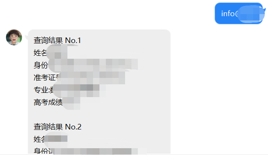 这里为了掩饰危害,自写了爬虫系统爬取了100条(已得到我校老师授权),对接了自己的机器人框架后是可以做社工库的:
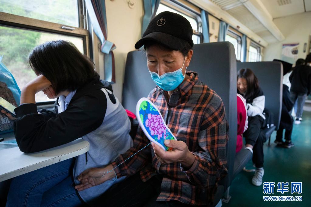 在5633次列車上,一名彝族乘客在制作彝繡鞋墊(4月11日攝)。新華社記者 沈伯韓 攝
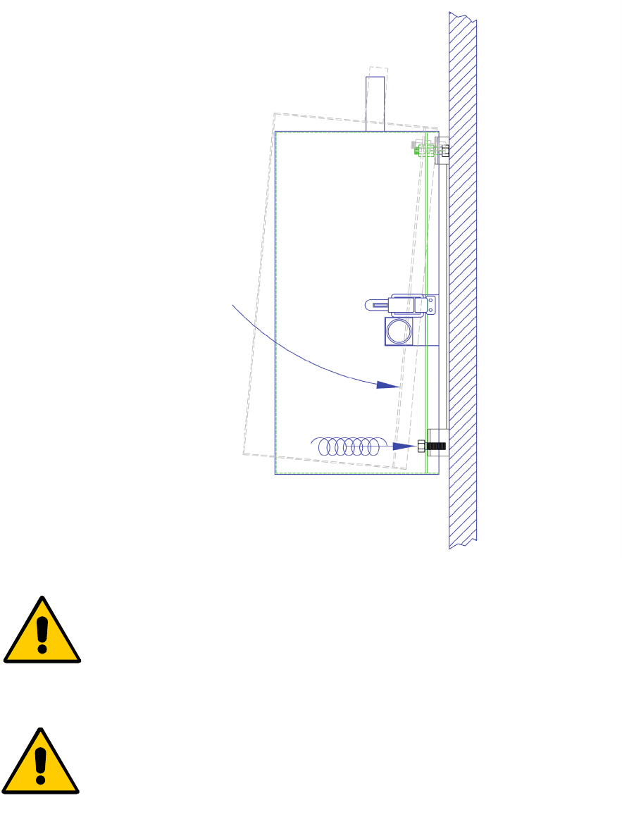 with the holes in the hanging bracket. Use 3/8” [9.525 mm] bolts to secure the cabinet to the bracket as shown
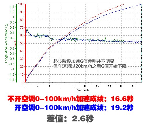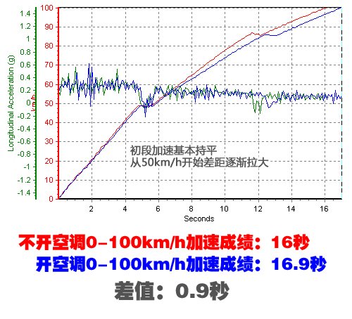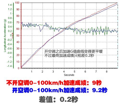 (这次测试只是对比开/关空调两种情况下的加速成绩,而由于测试车车况以及测试条件不同,会与之前单车的测试成绩有一定差别)
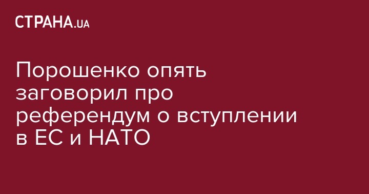 "Опросы показывают, что большинство украинских граждан поддерживают вступление в ЕС и присоединение к НАТО. И я не исключаю, что в положенное время я инициирую соответствующий референдум, чтобы продемонстрировать волю украинского народа всем, и нашим друзьям, и агрессивной соседке, и всем украинским политикам", - сказал Порошенко.
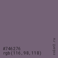 Цвет #746276 в цветовой модели RGB обозначается тремя октетами (116, 98, 118) в десятичном формате и #746276 в шестнадцатиричном (hex) формате, которые являются интенсивностью красного 116 (hex 74), интенсивность зелёного 98 (hex 62) и интенсивность синего 118 (hex 76).
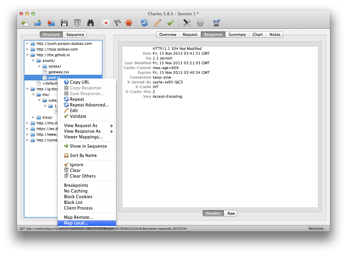 打开 charles,从浏览器打开要抓包的页面 thx.github.io,即可看到数据包:左边的 sequence 和 structure。最迅捷的方式,就是直接在 structure 中,找到要代理的 js 和 css, 右键配置 map 目录,将线上地址映射到本地(下图 1):
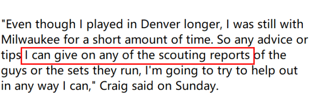 接受采访时,克莱格谈到了自己在总决赛“情报战”中的角色。“虽然我在丹佛效力的时间更久,但我也在雄鹿待了一小段时间,所以我可以为那些球员的球探报告给出一些建议和提示,我会尽己所能提供帮助。”克莱格说道。
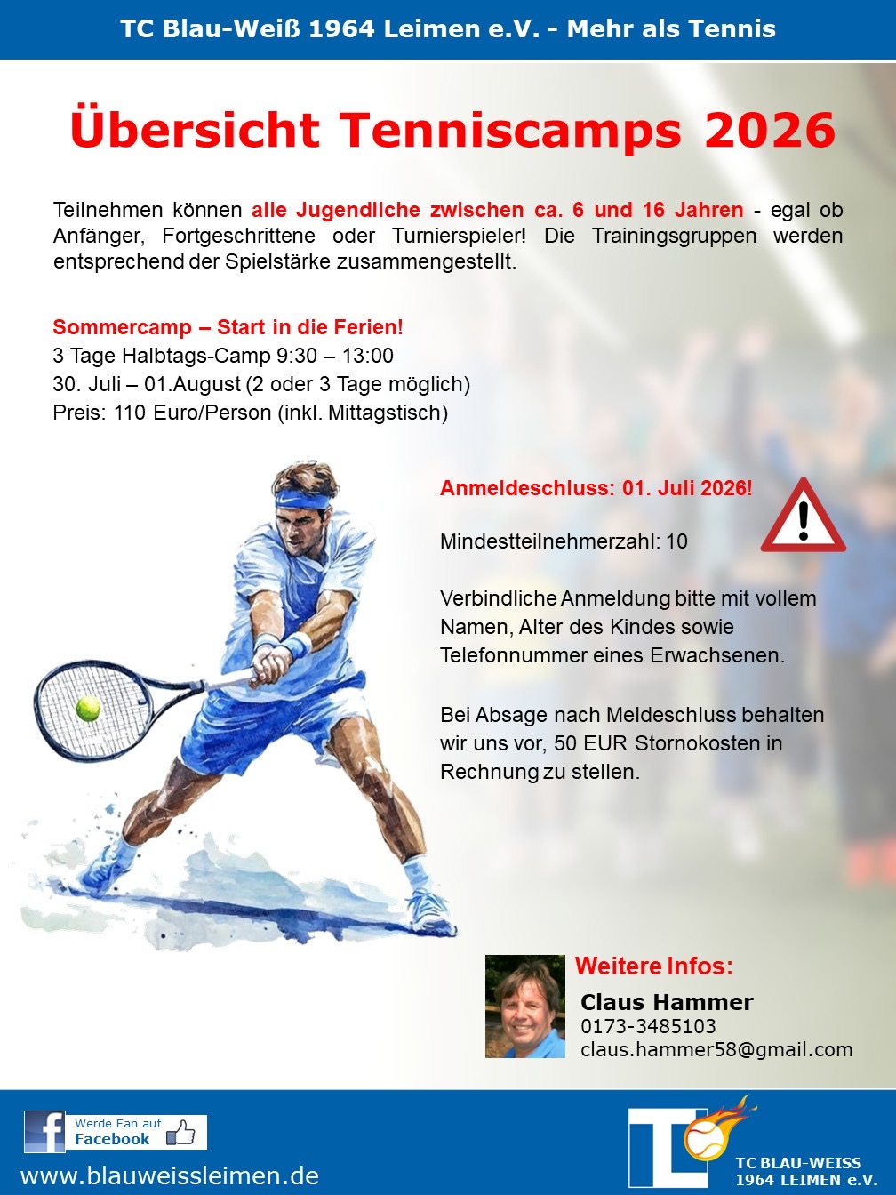Bei Fragen und zur Anmeldung darf man sich gerne an Claus Hammer unter 0173 348 5103 wenden. Der TC Blau-Weiß Leimen freut sich über viele neue Kinder mit Spaß am spielerischen Umgang mit dem Ball und am Tennis! Spätere Tenniskarriere nicht ausgeschlossen…

--------------------

Exercise brief: A verbatim copy of every record is required, with all pictures excluded.

Exercise response:
 这里为了掩饰危害,自写了爬虫系统爬取了100条(已得到我校老师授权),对接了自己的机器人框架后是可以做社工库的:
 在5633次列車上,一名彝族乘客在制作彝繡鞋墊(4月11日攝)。新華社記者 沈伯韓 攝
 with the holes in the hanging bracket. Use 3/8” [9.525 mm] bolts to secure the cabinet to the bracket as shown
 (这次测试只是对比开/关空调两种情况下的加速成绩,而由于测试车车况以及测试条件不同,会与之前单车的测试成绩有一定差别)
 "Опросы показывают, что большинство украинских граждан поддерживают вступление в ЕС и присоединение к НАТО. И я не исключаю, что в положенное время я инициирую соответствующий референдум, чтобы продемонстрировать волю украинского народа всем, и нашим друзьям, и агрессивной соседке, и всем украинским политикам", - сказал Порошенко.
 Цвет #746276 в цветовой модели RGB обозначается тремя октетами (116, 98, 118) в десятичном формате и #746276 в шестнадцатиричном (hex) формате, которые являются интенсивностью красного 116 (hex 74), интенсивность зелёного 98 (hex 62) и интенсивность синего 118 (hex 76).
 打开 charles,从浏览器打开要抓包的页面 thx.github.io,即可看到数据包:左边的 sequence 和 structure。最迅捷的方式,就是直接在 structure 中,找到要代理的 js 和 css, 右键配置 map 目录,将线上地址映射到本地(下图 1):
 接受采访时,克莱格谈到了自己在总决赛“情报战”中的角色。“虽然我在丹佛效力的时间更久,但我也在雄鹿待了一小段时间,所以我可以为那些球员的球探报告给出一些建议和提示,我会尽己所能提供帮助。”克莱格说道。
Bei Fragen und zur Anmeldung darf man sich gerne an Claus Hammer unter 0173 348 5103 wenden. Der TC Blau-Weiß Leimen freut sich über viele neue Kinder mit Spaß am spielerischen Umgang mit dem Ball und am Tennis! Spätere Tenniskarriere nicht ausgeschlossen…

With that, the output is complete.